Приняв с дороги душ, - душевая находилась в подвальном помещении, - Февзи перекусил остатками прихваченной из Ленинграда еды и отправился по уже знакомому маршруту назад в Университет, где в два пополудни должен был состояться сбор всей экспедиционной группы.
В самом отряде аспиранты и студенты приняли его холодно. Были с ним вежливы, и не более того. Февзи быстро почувствовал это и в свою очередь только выполнял поручаемую работу, не пытаясь сблизиться. Потом только из случайных обращенных к нему вопросов и реплик в разговоре он понял, что причиной холодного к нему отношения было то, что он занял в экспедиции чье-то место. Уяснив это, Февзи при удобном случае не преминул заметить, что находится он в Вильнюсе по программе обмена студентами между университетами, примолвив, что там, в Ленинграде, его место в отправляющейся в Херсонес экспедиции отдали кому-то из Прибалтики, - возможно и в самом деле так было.
- Но я не жалею, что попал в Литву, - великодушно добавил он.
Трагический жизненный опыт был причиной того, что Февзи замечал и откладывал в своем сознании социальные явления, которые его сверстники если и замечали, но не вникали глубоко в их содержание и тем более в их исторический подтекст. Наблюдая жизнь, точнее – внешние приметы жизни в Литве, Февзи испытывал зависть, вызывающую душевную боль. Он никогда не забывал о горе своего народа, каждый миг каждого дня помнил о нем, а ночами ему часто снился сарай посередине хлопкового поля, где один за другим умирали его родственники, его односельчане. Даже в заполненные ежедневными открытиями и просветлениями студенческие годы в Ленинграде, в этом прекрасном городе, все текущие события, радости, влюбленности являли собой тонкую, едва застывшую корку на расплавленной лаве, вытекшей из страшного разлома в истории его народа. Он по этой корке перемещался, выполняя какие-то дела, осуществляя жизненные функции, но никогда не прекращал ощущать гнетущий жар, идущий из-под подошвы ног, из-под почвы, тонкого слоя почвы, которая стала его судьбой и на которой он пытался возделывать свой если и не сад, то все таки какие-то посадки, позволяющие ему жить этой временной жизнью – своя жизнь, как завещал ему покойный Мурат-эмдже, могла реализоваться только на родной земле, где он обязан был продолжить свой род. И целью этой теперешней его временной жизни было не достижение прочного личного благополучия, а намерение окрепнуть, набраться сил, чтобы вернуться к своему племени, чтобы личными усилиями или в общей борьбе изменить то будущее, которое ему и его народу желали бы навязать враги.

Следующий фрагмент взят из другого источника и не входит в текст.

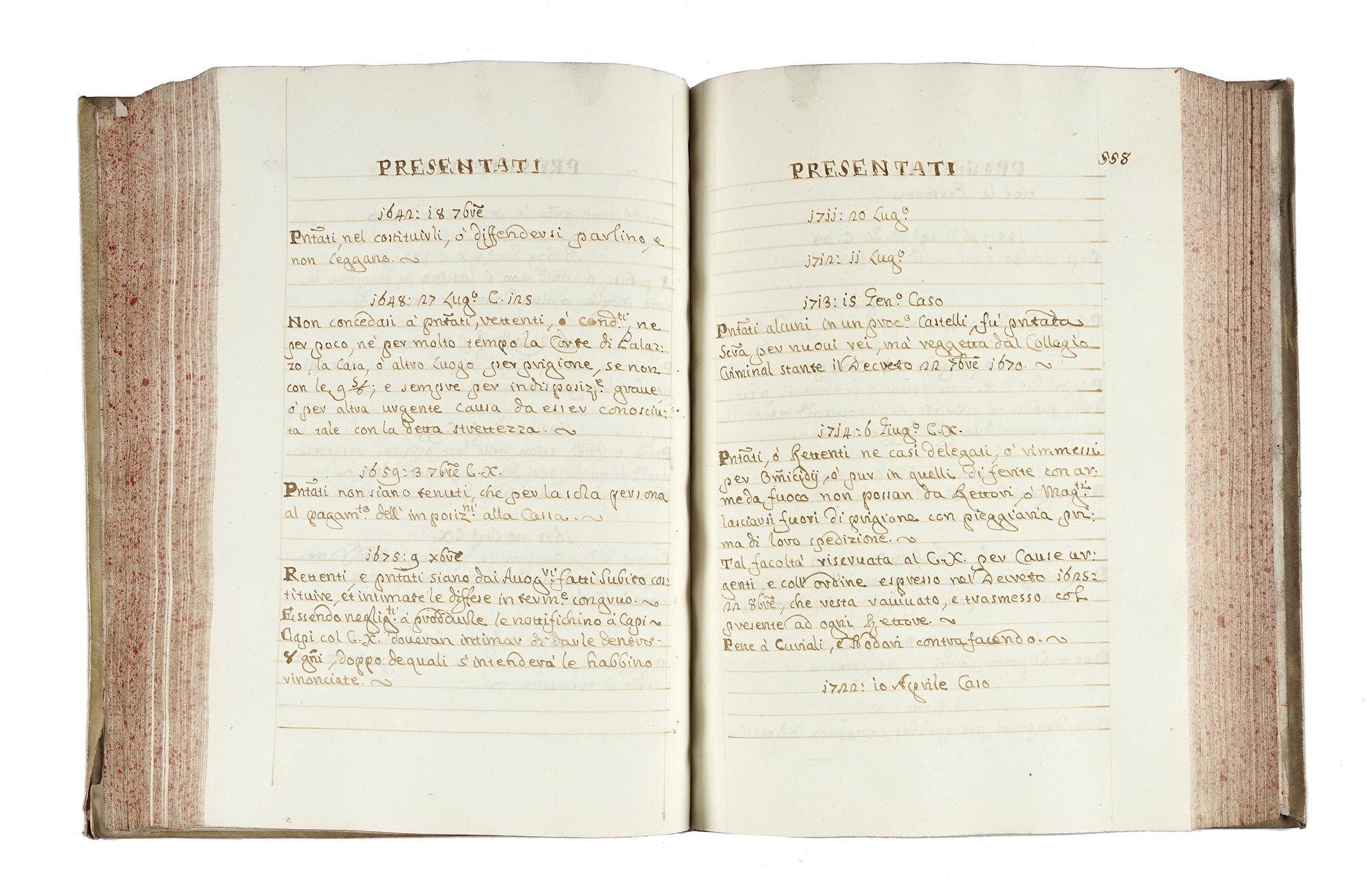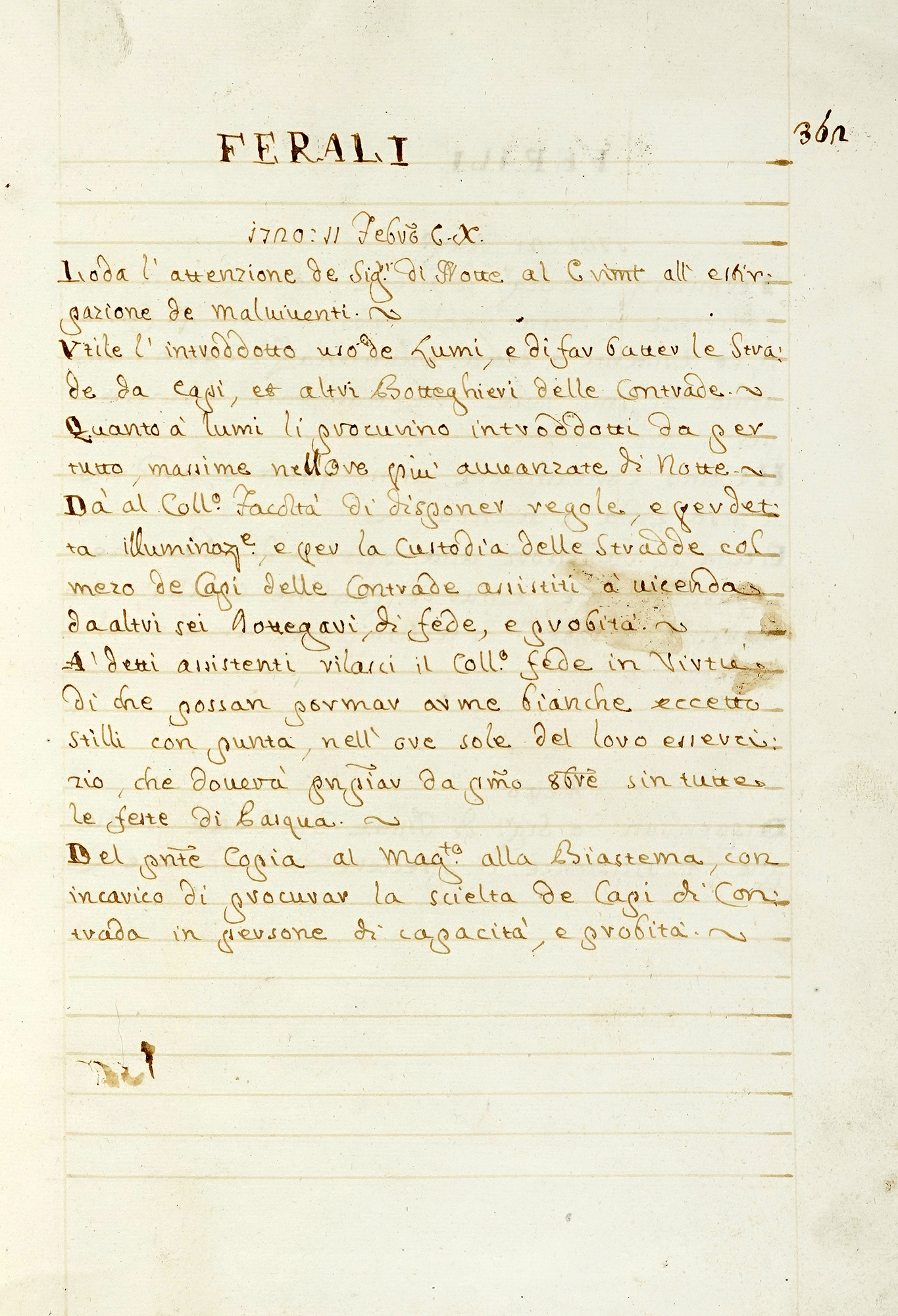 Manoscritto a inchiostro bruno. Carte [1], 262-737 cui seguono alcune carte bianche, mentre l'ultima carta è scritta e contiene i seguenti argomenti: Bandi o altre sentenze, Galera, Camerotto, Inabilità alla Galera, Priggione alla luce. Questo è il secondo volume di due (il primo è mancante). Carte pesanti in ottimo stato. Legatura in pergamena. Dimensioni: 350x245 mm. (1) Interessantissimo manoscritto suddiviso per argomenti in ordine alfabetico (da Ferali a Ziffera). All'interno di ogni argomento sono descritte le leggi per anno di emanazione o i fatti accaduti. Alcuni esempi: Ferali: 11 febbraio 1720. Utile l'introdotto uso de Lumi, e di far batter le strade da Capi et altri Botteghieri delle Contrade. Quanto a Lumi li procurino introdotti da per tutto, massime nelle ore più avanzate di notte [...]. – Fornaci: 10 settembre 1682. Non si possa permetter erezione di Fornaci se non con 4/5 per tre anni al più [...]. – Fusta: 28 novembre 1547. A' Condannati in Galera sin che stavano in prigione, sia dato un pane di più al giorno, si che sian tre [...]. – Guardiani delle prigioni: 10 novembre 1462. Chiavi de Camerati ogni sera sian portate al Doge. 13 aprile 1583. Non lascino parlar a Prigioni senza mandato de Capi. – Guardie dell'Arsenale: 18 marzo 1560: Ogni sera dall'Appuntador sia appontati essi Guardiani per assicurar che vi vadan, ne mandino sostituti. Sian pagati ogni settimana a ragione di soldi otto per notte a cadauno. – Homicidj: 28 marzo 1629. Chiunque sarà ricetto, sponda o favore a chi ammazzerà, o ferirà con arma da taglio, o fuoco alcuno, cada nelle pene dovute ai medesimi delinquenti. In tali casi li vicini d'habitazione, e per passaggio faccino dar subito campana a martello in pena di prigione [...]. Proibito a Barcaroli levar di notte persone non conosciute. – Infermaria: 7 aprile 1564. Essendo conveniente proveder a Prigioni, che amalando non han modo di curarsi [...] ordina di far netar, e profumar imediate tutte le prigioni [...]. Maschere: 21 gennaio 1477. Prohibito l'andar coperti la faccia come mummie. 28 febbraio 1540. Maschere da Santo, o con habiti da Romito prohibite pena un anno di prigione. – Meretrici: 30 giugno 1615. A meretrici prohibito andar in Barca con Batticosso di Felzi alti o bassi, di giorno e notte in maschera o senza. Così l'andar in qualsiasi habito a feste o Nozze di persone Nobili et honeste o sagre, balli di villa, in Chiese, Fiere [...]. Pene cinque anni di prigione, taglio del naso et orecchie e fusta da S. Marco a Rialto. – Monasteri de frati e monache: 15 febbraio 1621. Ne' monasteri de Monache non possan riceversi con soli ordini de capi, donne maritate seben non fosse seguito al loro sposalizio [...]. Morti: 30 giugno 1632. Morto uno in prigione nel tempo in che si leggeva il suo processo, che si continuasse a leggerlo. – Muranesi: 20 dicembre 1627. Prohibita l'estrazione da Venezia per altri luoghi che per Murano della Lume Cattina, Rocca, Ceneri et ogni altra materia necessaria al lavoro de Vetri. Pene a sensali e contraffattori. – Sodomiti: 11 dicembre 1460. Assolto un Puto che uccise chi lo tentava di sodomia. 18 agosto 1462. Ad un accusador falso di sodomia data pena di tagliarli il naso e cavarli un occhio ecc.

Наблюдая с доброй завистью жизнь в Литве, он не знал о том, что в те еще годы, когда крымскотатарский народ жил на своей родной земле и славил Сталина и его свору, хладнокровные чекисты со стальными взглядами и с маузерами в руках рушили ворота хуторов, выламывали двери городских квартир и грузили «счастливых» литовцев, как и жителей Латвии и Эстонии, в такие же вагоны, в которых через несколько лет вывозили за Урал, в Сибирь, в Азию на запланированную гибель крымцев, калмыков, кавказцев.
О той горькой судьбе прибалтов не сообщали университетские учебники истории…
Через некоторое время отношения между Февзи и его товарищами по экспедиции наладились, но у молодого мужчины были уже в городе Вильнюсе другие интересы…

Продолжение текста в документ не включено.